Straight copy, no pictures: transcribe each entry as it stands.

Top of SUPPLIED MATERIAL

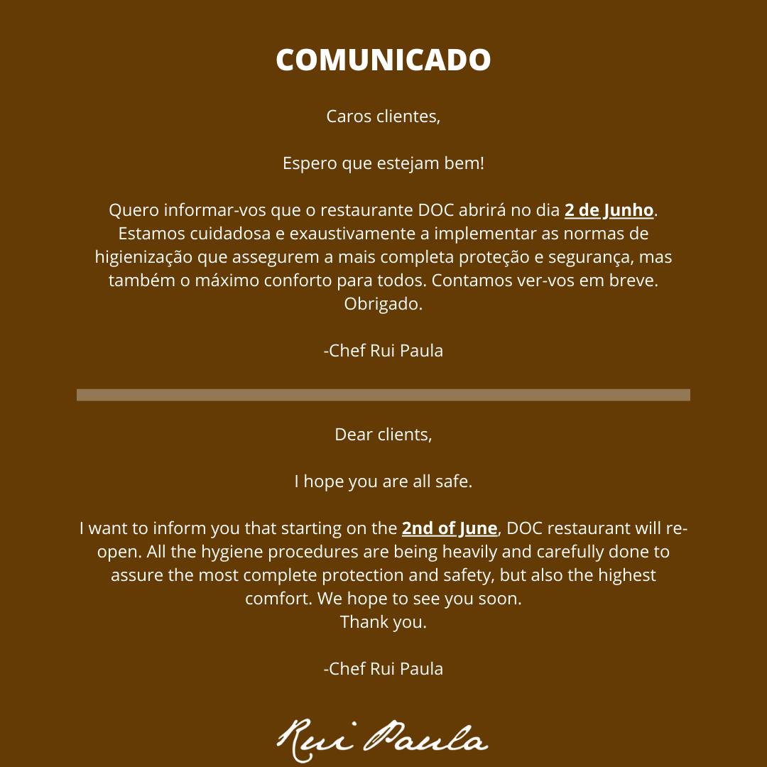 O DOC é um espaço para “Degustar Ousar Comunicar” onde Rui Paula, com um olhar moderno e inventivo, faz da cozinha um laboratório histórico baseado em várias gerações de receitas culinárias.
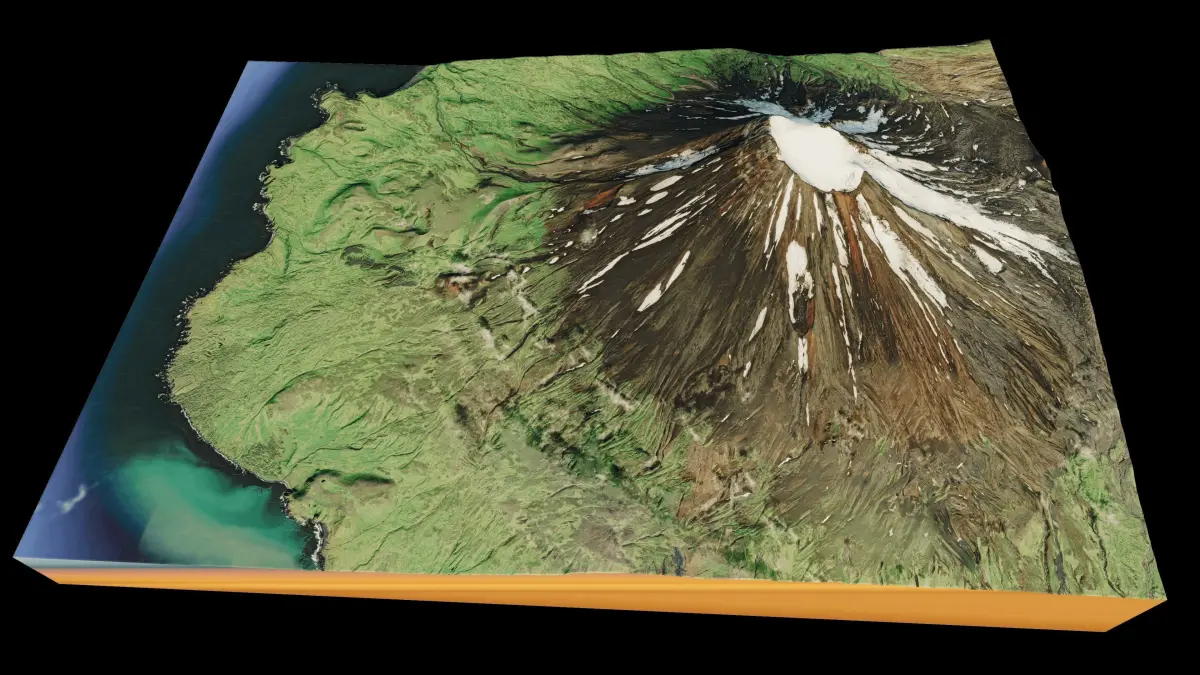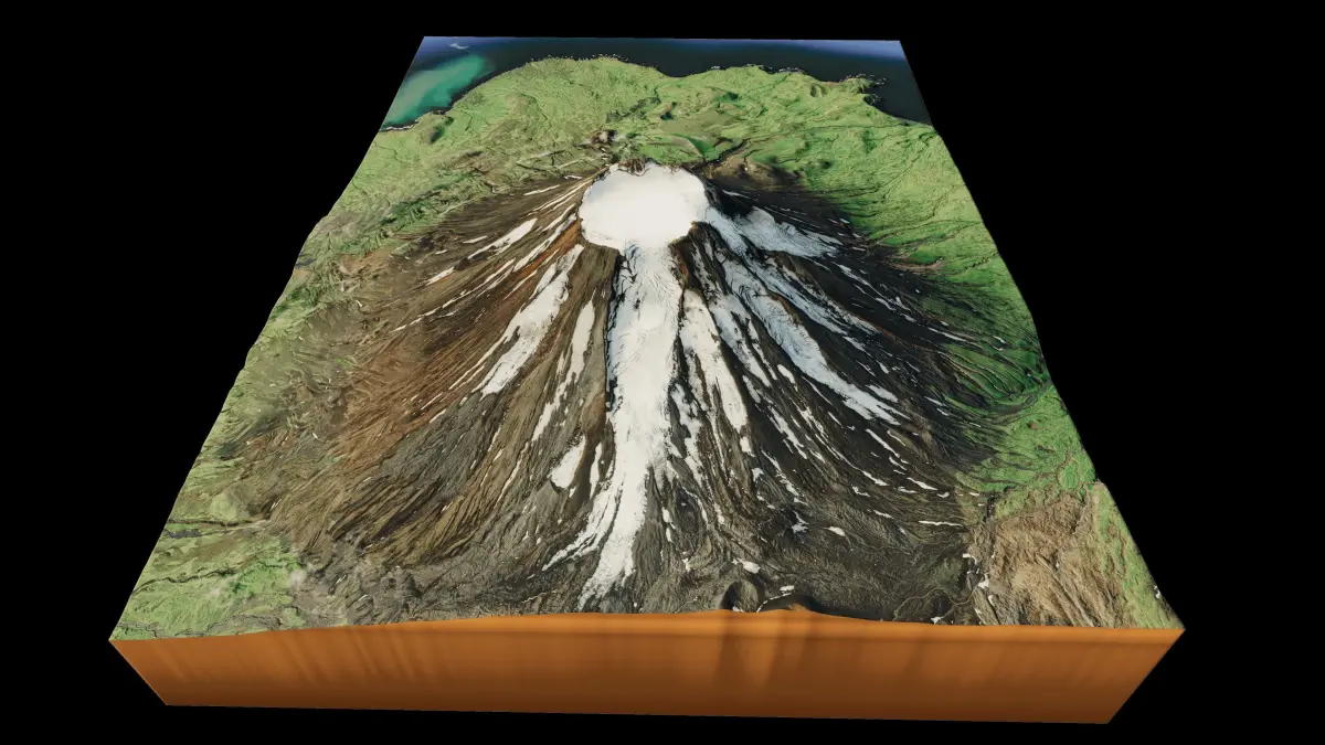 Vsevidof stratovolcano 3d terrain model. 3d model landscape of the Vsevidof volcano
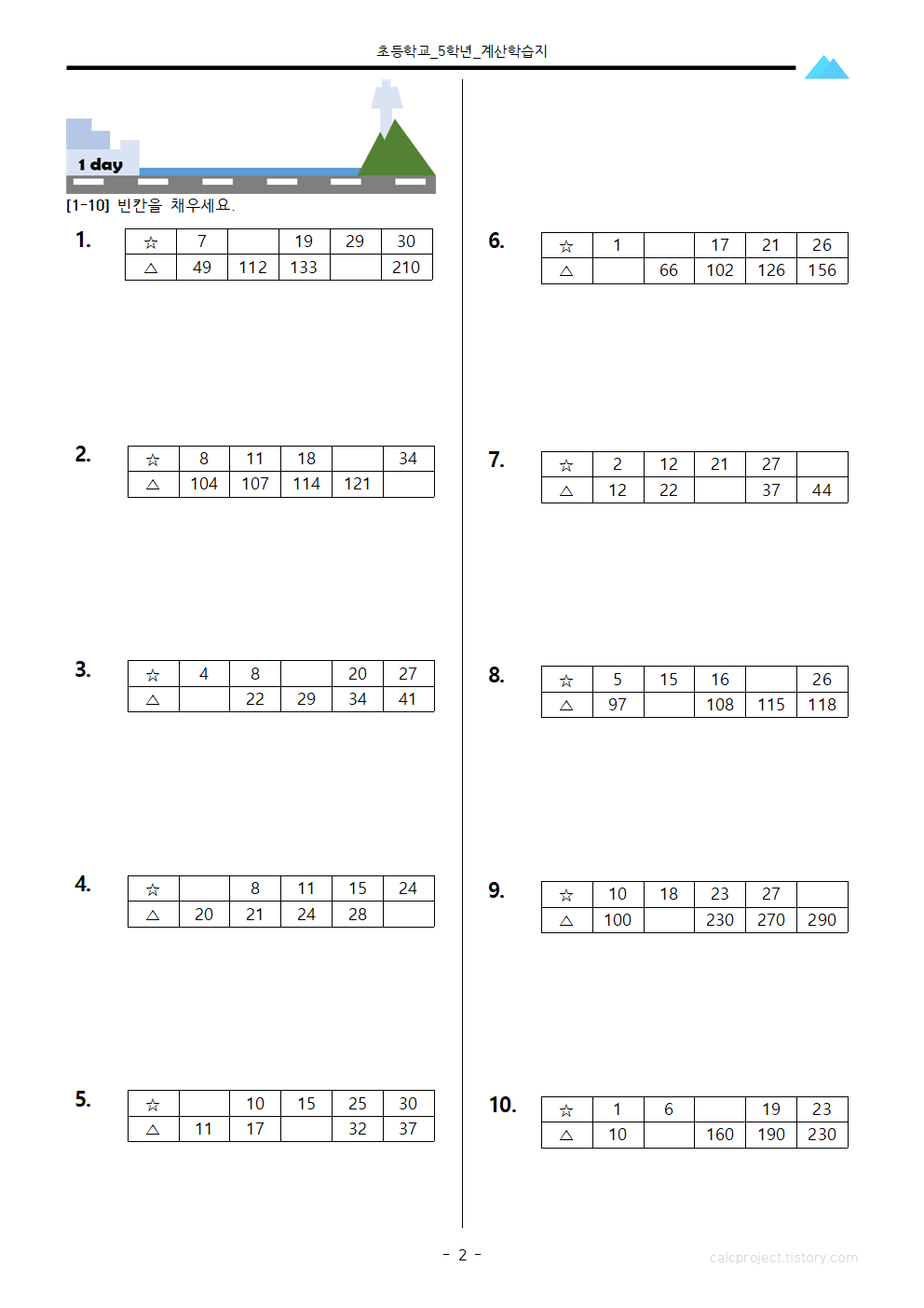 이번 학습지는 두 양(☆, △)의 관계가 차가 같은 관계인지, 나눈 몫이 같은 관계인지 따진 후, 빈칸을 채우는 학습지입니다. 쉬운 문제부터 세 자리 수가 있는 어려운 문제까지 골고루 섞어보았습니다. 이번 학습지를 풀어보면서 아이가 규칙을 이해할 수 있도록 지도해주시면 아이가 규칙성을 이해하는 데 도움이 될 것입니다.
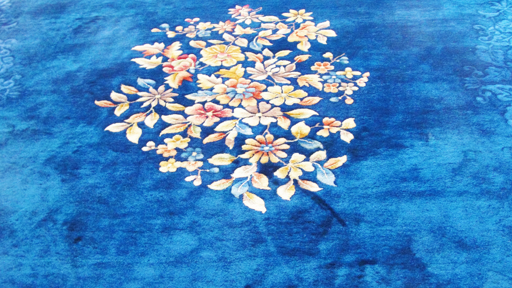 This wonderful Art Deco carpet was made in China, circa 1910s or 1920s. It has purchased from a nice home from Washington. Walter Nichols was great American rug producer (the Art Deco rugs which he did not originate them) in Tientsin. The rugs made of wool and silk with bold vibrant colors and the pattern are pictorial scenes and trees, birds, clouds, mountains, dragons, butterfly and flowers. The production of Art Deco rugs started from 1910s-1950s and mostly with western influence.
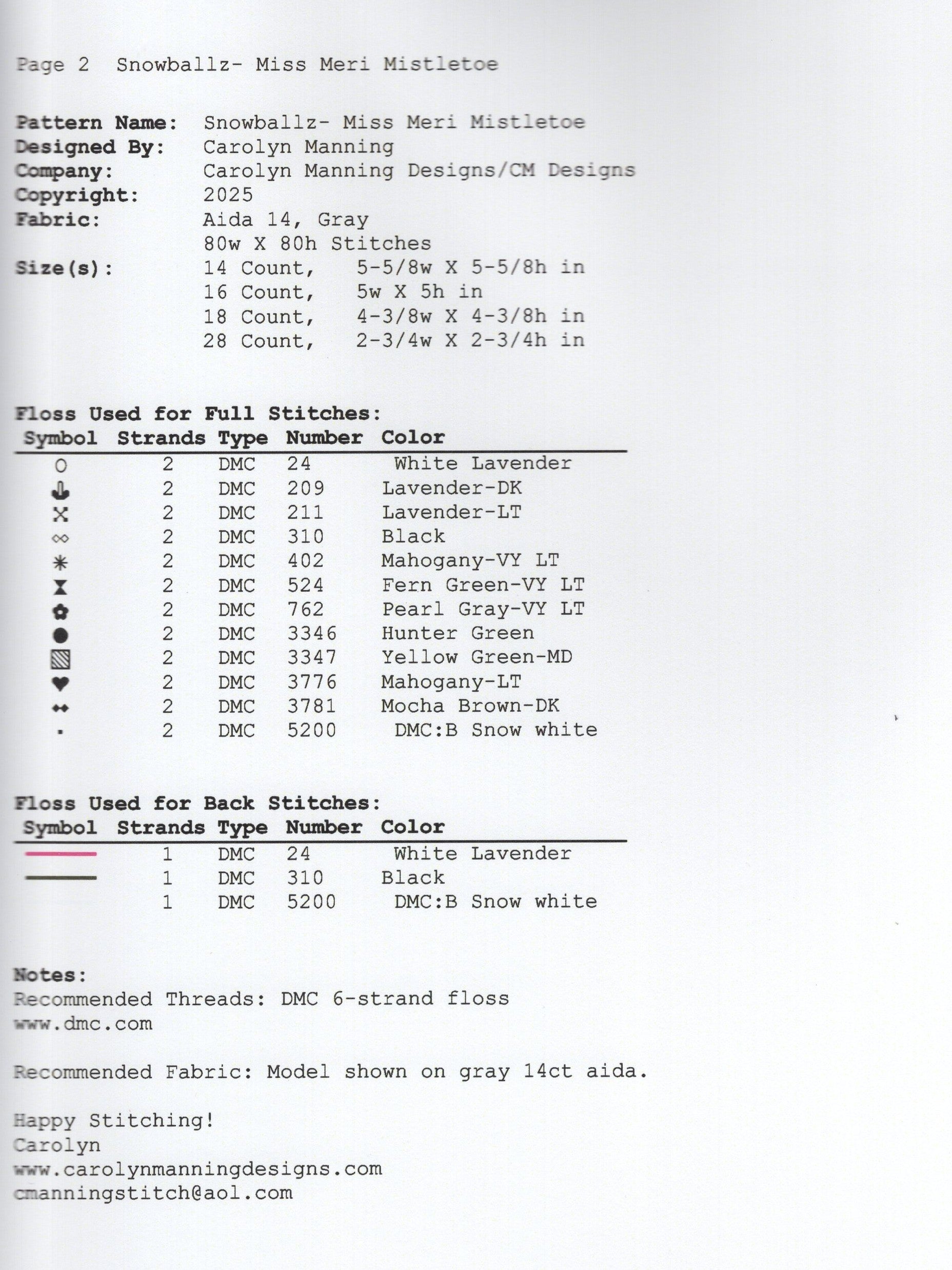 Carolyn Manning Designs' The Snowballz, Miss Meri Mistletoe was designed by Carolyn Manning.  The model was stitched on 14 count Aida
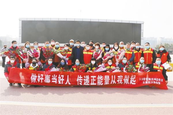 3月5日是学雷锋日。当日,太康县志愿者协会、太康县好人协会开展了向一线医护人员送鲜花、给市民免费理发、为疫情防控捐款等活动,用行动传承雷锋精神。图为参加活动的志愿者合影留念。
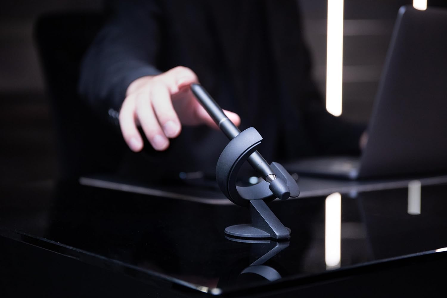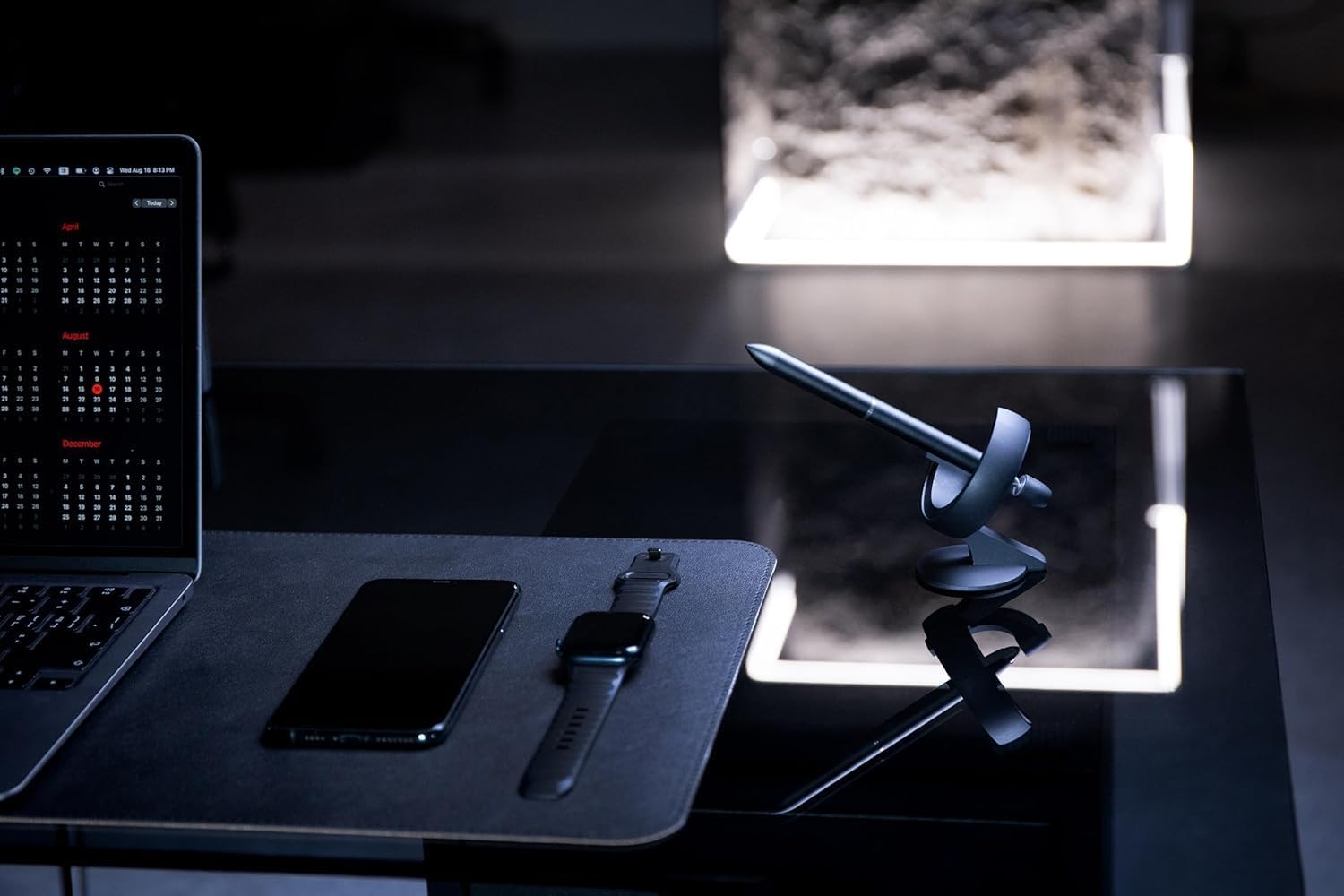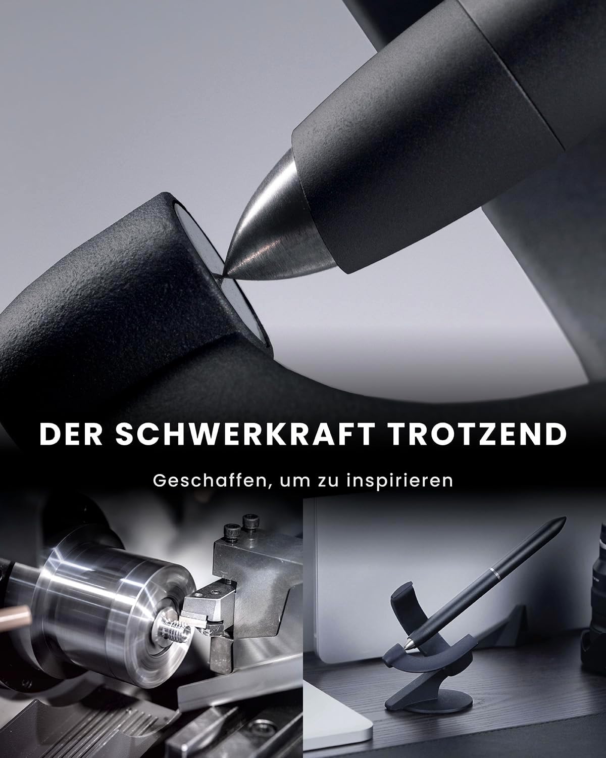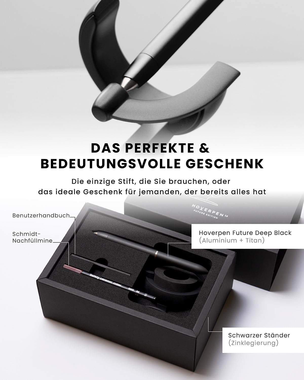 Design fluttuante: l'Hoverpen Future resta in equilibrio su un supporto inclinato con precisione e sfida la gravità. Un eye-catcher unico per la tua scrivania. Due strumenti di scrittura in uno: passa facilmente dalla penna stilografica al roller per la massima versatilità e una scrittura personalizzata. Il primo roller galleggiante al mondo: scopri l'iconico design fluttuante di Novium, combinato con ricariche Schmidt di alta qualità per un'esperienza di scrittura fluida e affidabile. Un regalo straordinario: l'Hoverpen Future poggia su un supporto inclinato per una manipolazione delicata e fluida. Un regalo che unisce innovazione, design ed eleganza. Perfetto per Natale o qualsiasi occasione speciale. Pronto per scrivere: dotato di una ricarica per roller Schmidt 888 preinstallata in nero (F) e fornita con una ricarica blu aggiuntiva (F) per un'esperienza di scrittura fluida ed elegante.
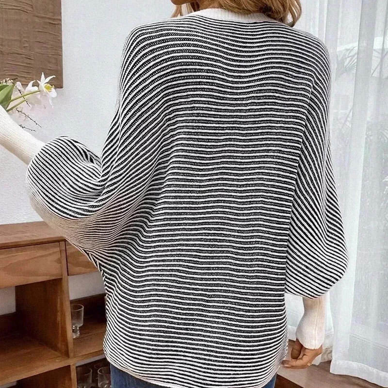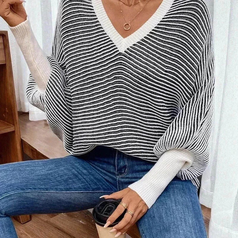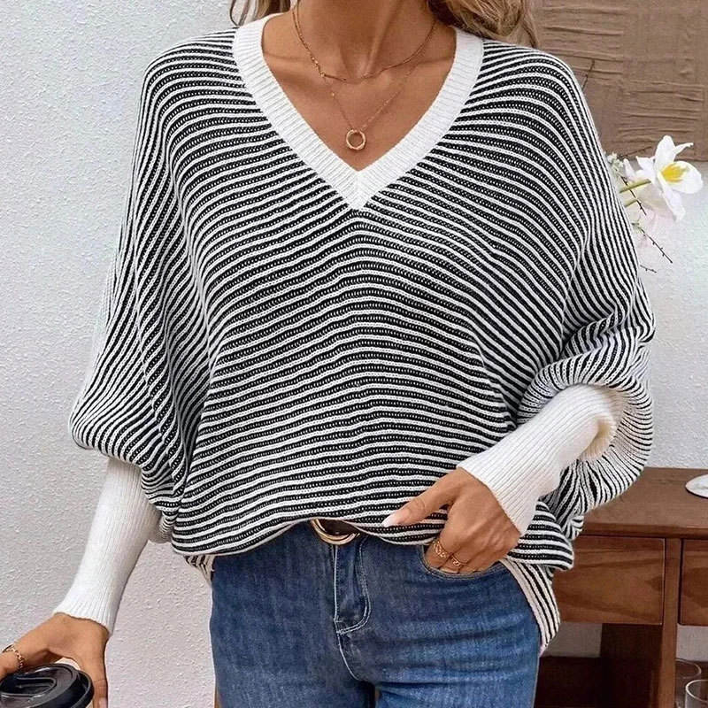 เสื้อสเวตเตอร์ไหมพรมลายทาง คอวี แขนทรงปีกค้างคาว ทรงหลวม สไตล์แฟชั่นสำหรับผู้หญิง คอลเลคชั่นใหม่ประจำฤดูใบไม้ร่วง/ฤดูหนาว

Bottom of SUPPLIED MATERIAL

**EXPECTED ANSWER:**
 O DOC é um espaço para “Degustar Ousar Comunicar” onde Rui Paula, com um olhar moderno e inventivo, faz da cozinha um laboratório histórico baseado em várias gerações de receitas culinárias.
 Vsevidof stratovolcano 3d terrain model. 3d model landscape of the Vsevidof volcano
 이번 학습지는 두 양(☆, △)의 관계가 차가 같은 관계인지, 나눈 몫이 같은 관계인지 따진 후, 빈칸을 채우는 학습지입니다. 쉬운 문제부터 세 자리 수가 있는 어려운 문제까지 골고루 섞어보았습니다. 이번 학습지를 풀어보면서 아이가 규칙을 이해할 수 있도록 지도해주시면 아이가 규칙성을 이해하는 데 도움이 될 것입니다.
 This wonderful Art Deco carpet was made in China, circa 1910s or 1920s. It has purchased from a nice home from Washington. Walter Nichols was great American rug producer (the Art Deco rugs which he did not originate them) in Tientsin. The rugs made of wool and silk with bold vibrant colors and the pattern are pictorial scenes and trees, birds, clouds, mountains, dragons, butterfly and flowers. The production of Art Deco rugs started from 1910s-1950s and mostly with western influence.
 Carolyn Manning Designs' The Snowballz, Miss Meri Mistletoe was designed by Carolyn Manning.  The model was stitched on 14 count Aida
 3月5日是学雷锋日。当日,太康县志愿者协会、太康县好人协会开展了向一线医护人员送鲜花、给市民免费理发、为疫情防控捐款等活动,用行动传承雷锋精神。图为参加活动的志愿者合影留念。
 Design fluttuante: l'Hoverpen Future resta in equilibrio su un supporto inclinato con precisione e sfida la gravità. Un eye-catcher unico per la tua scrivania. Due strumenti di scrittura in uno: passa facilmente dalla penna stilografica al roller per la massima versatilità e una scrittura personalizzata. Il primo roller galleggiante al mondo: scopri l'iconico design fluttuante di Novium, combinato con ricariche Schmidt di alta qualità per un'esperienza di scrittura fluida e affidabile. Un regalo straordinario: l'Hoverpen Future poggia su un supporto inclinato per una manipolazione delicata e fluida. Un regalo che unisce innovazione, design ed eleganza. Perfetto per Natale o qualsiasi occasione speciale. Pronto per scrivere: dotato di una ricarica per roller Schmidt 888 preinstallata in nero (F) e fornita con una ricarica blu aggiuntiva (F) per un'esperienza di scrittura fluida ed elegante.
 เสื้อสเวตเตอร์ไหมพรมลายทาง คอวี แขนทรงปีกค้างคาว ทรงหลวม สไตล์แฟชั่นสำหรับผู้หญิง คอลเลคชั่นใหม่ประจำฤดูใบไม้ร่วง/ฤดูหนาว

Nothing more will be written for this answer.